> _PROVIDED RECORDS_

* * * * *

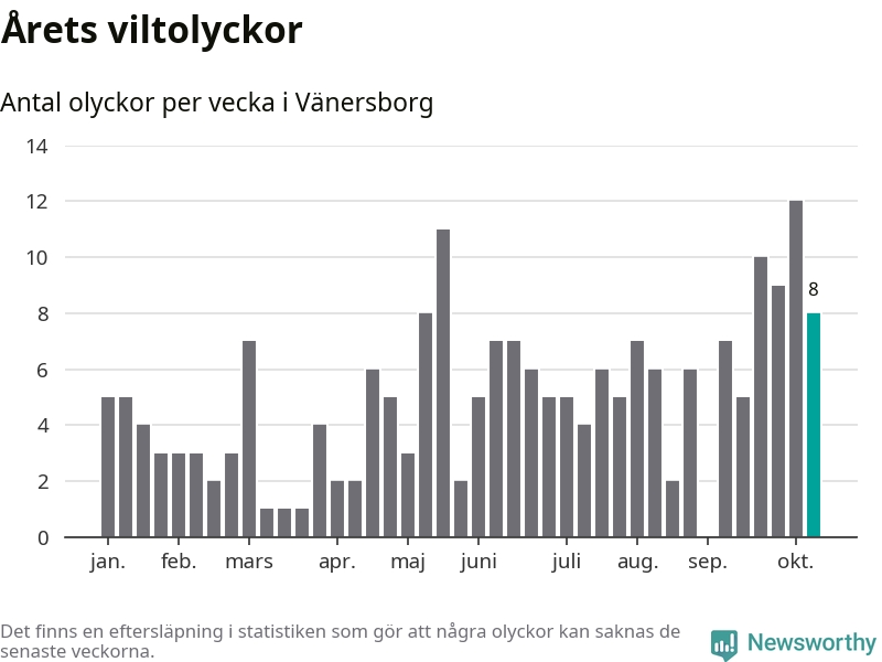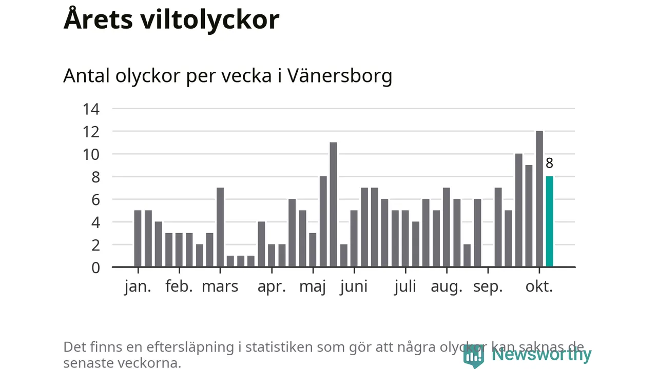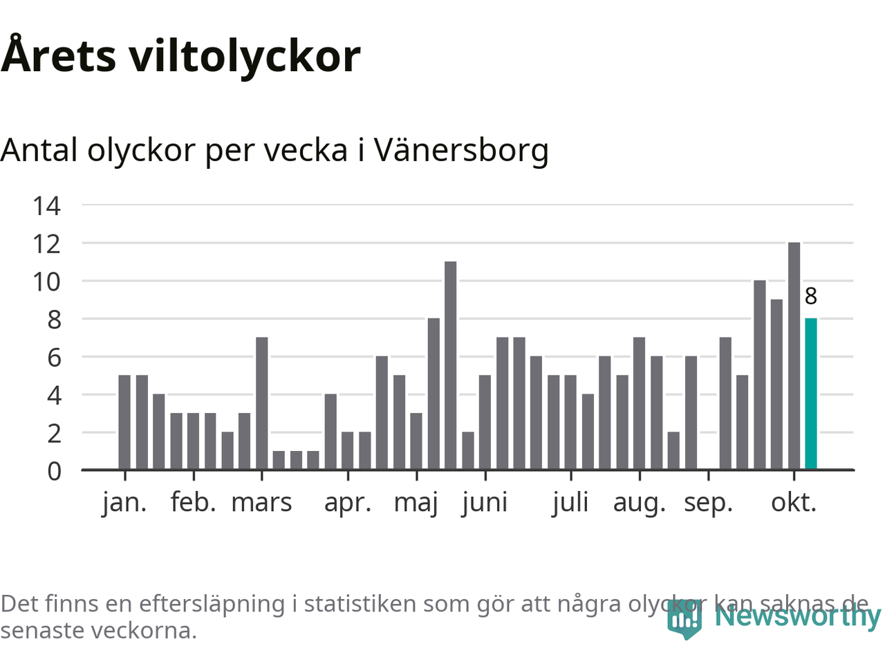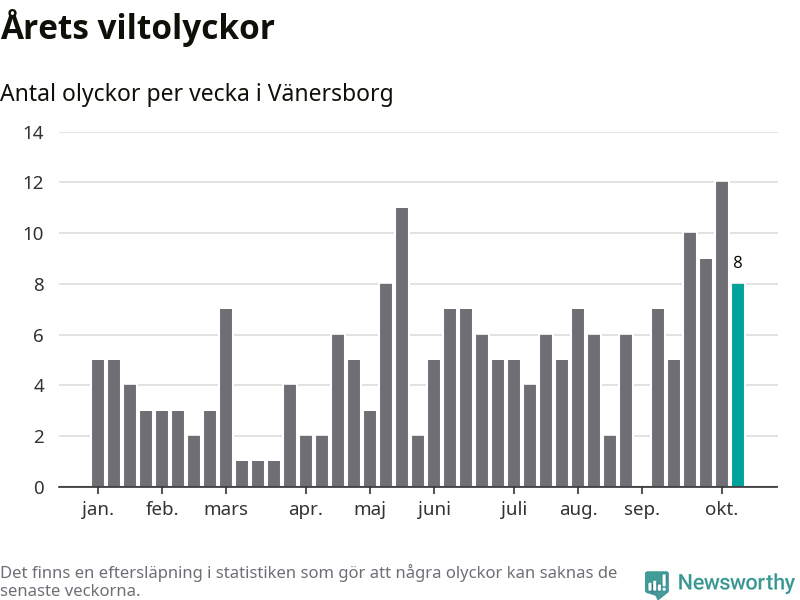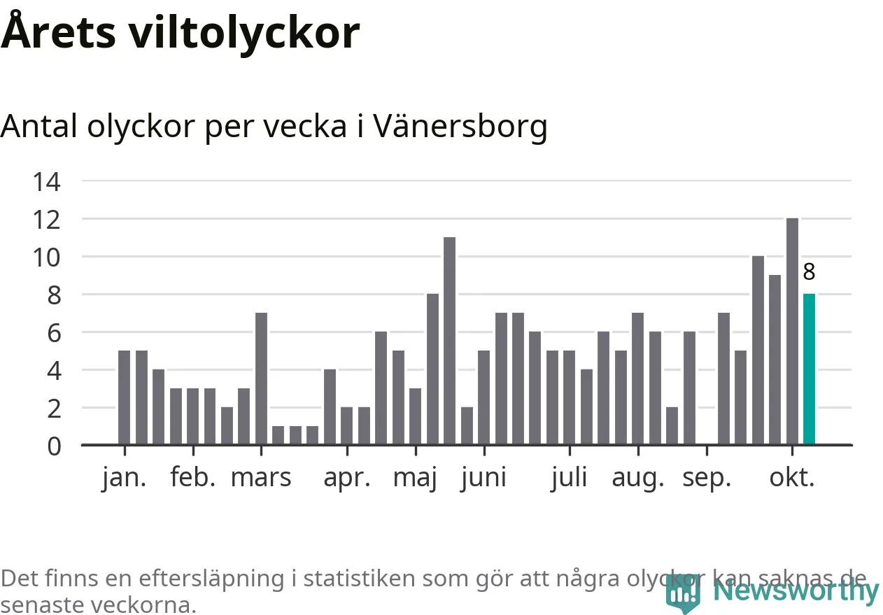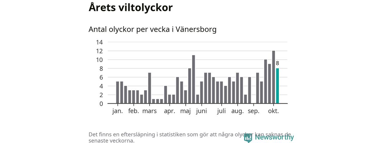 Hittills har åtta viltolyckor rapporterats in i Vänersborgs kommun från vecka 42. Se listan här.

* * * * *

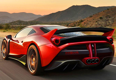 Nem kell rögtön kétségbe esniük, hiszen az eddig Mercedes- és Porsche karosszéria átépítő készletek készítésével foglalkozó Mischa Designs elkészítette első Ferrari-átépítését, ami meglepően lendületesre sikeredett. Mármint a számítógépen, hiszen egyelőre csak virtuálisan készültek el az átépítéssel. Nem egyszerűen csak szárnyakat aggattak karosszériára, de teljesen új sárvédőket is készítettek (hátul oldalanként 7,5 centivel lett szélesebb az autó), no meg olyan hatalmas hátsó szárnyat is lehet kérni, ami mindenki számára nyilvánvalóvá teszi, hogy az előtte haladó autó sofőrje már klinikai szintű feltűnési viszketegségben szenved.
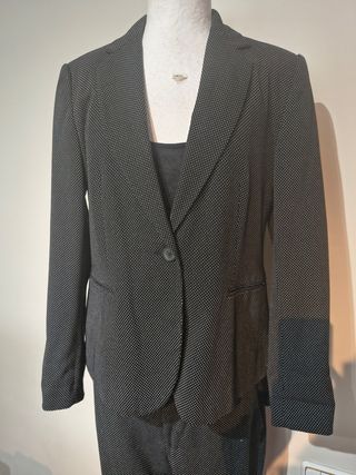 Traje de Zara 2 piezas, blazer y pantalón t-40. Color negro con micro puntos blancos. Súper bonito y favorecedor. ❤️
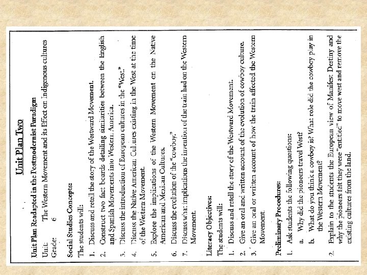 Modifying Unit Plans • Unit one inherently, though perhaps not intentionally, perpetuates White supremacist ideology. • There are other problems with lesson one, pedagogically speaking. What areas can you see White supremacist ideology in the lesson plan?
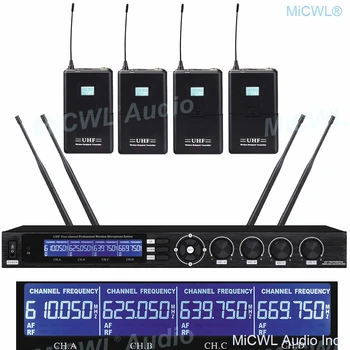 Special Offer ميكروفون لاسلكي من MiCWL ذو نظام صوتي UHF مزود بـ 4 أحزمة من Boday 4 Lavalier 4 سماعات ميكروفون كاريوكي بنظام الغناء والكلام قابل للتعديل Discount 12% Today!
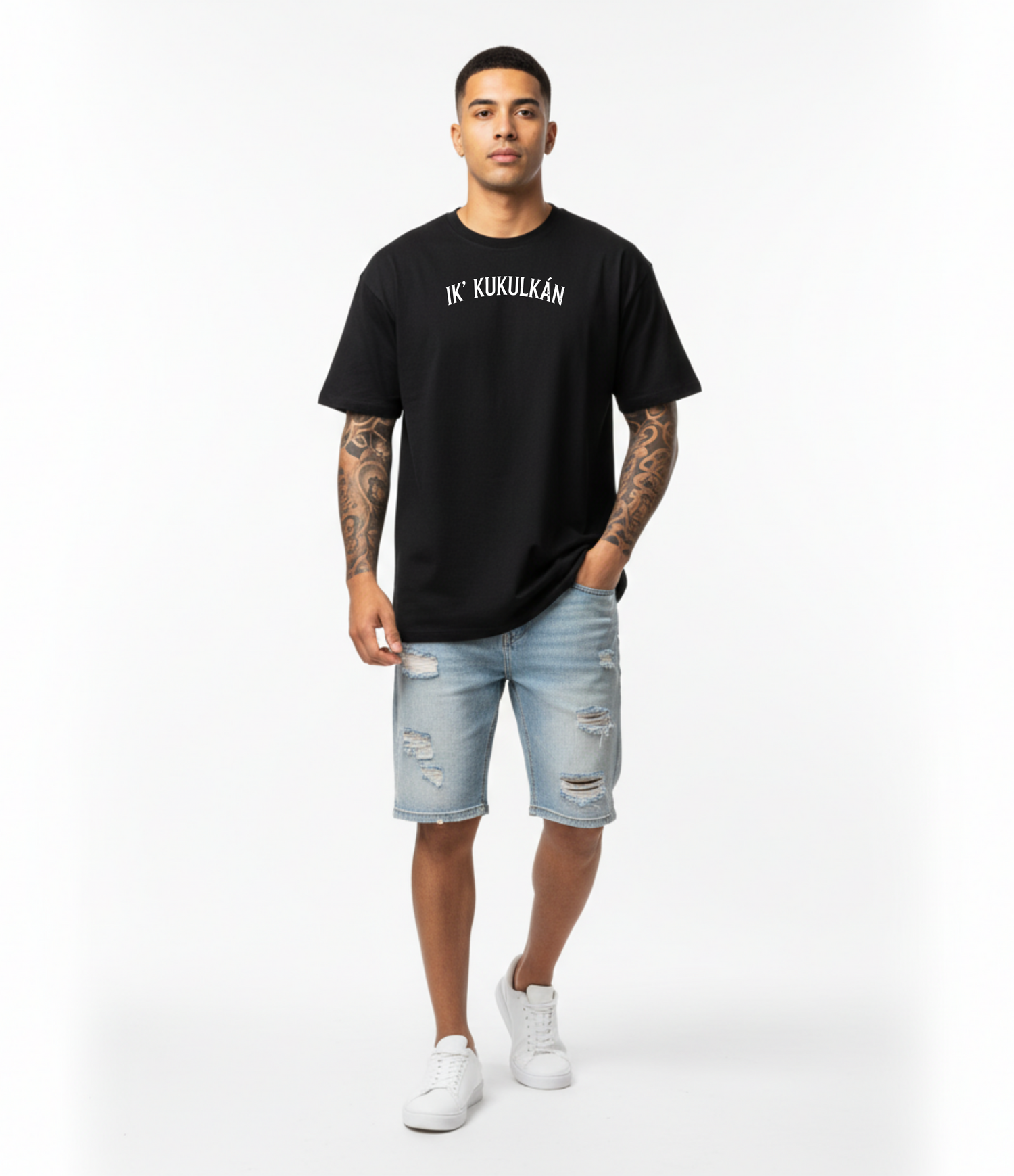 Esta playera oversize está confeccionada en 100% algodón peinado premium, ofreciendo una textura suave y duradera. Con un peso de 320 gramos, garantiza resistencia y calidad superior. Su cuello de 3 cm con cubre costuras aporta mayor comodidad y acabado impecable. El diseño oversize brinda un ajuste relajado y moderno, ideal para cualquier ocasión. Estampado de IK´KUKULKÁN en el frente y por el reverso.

* * * * *

> _WORK REQUEST_
Pictures aside, print exactly the lines above starting with the one containing "Traje de Zara" and going on through the one containing "Esta playera oversize".

> _RESULT_
 Traje de Zara 2 piezas, blazer y pantalón t-40. Color negro con micro puntos blancos. Súper bonito y favorecedor. ❤️
 Modifying Unit Plans • Unit one inherently, though perhaps not intentionally, perpetuates White supremacist ideology. • There are other problems with lesson one, pedagogically speaking. What areas can you see White supremacist ideology in the lesson plan?
 Special Offer ميكروفون لاسلكي من MiCWL ذو نظام صوتي UHF مزود بـ 4 أحزمة من Boday 4 Lavalier 4 سماعات ميكروفون كاريوكي بنظام الغناء والكلام قابل للتعديل Discount 12% Today!
 Esta playera oversize está confeccionada en 100% algodón peinado premium, ofreciendo una textura suave y duradera. Con un peso de 320 gramos, garantiza resistencia y calidad superior. Su cuello de 3 cm con cubre costuras aporta mayor comodidad y acabado impecable. El diseño oversize brinda un ajuste relajado y moderno, ideal para cualquier ocasión. Estampado de IK´KUKULKÁN en el frente y por el reverso.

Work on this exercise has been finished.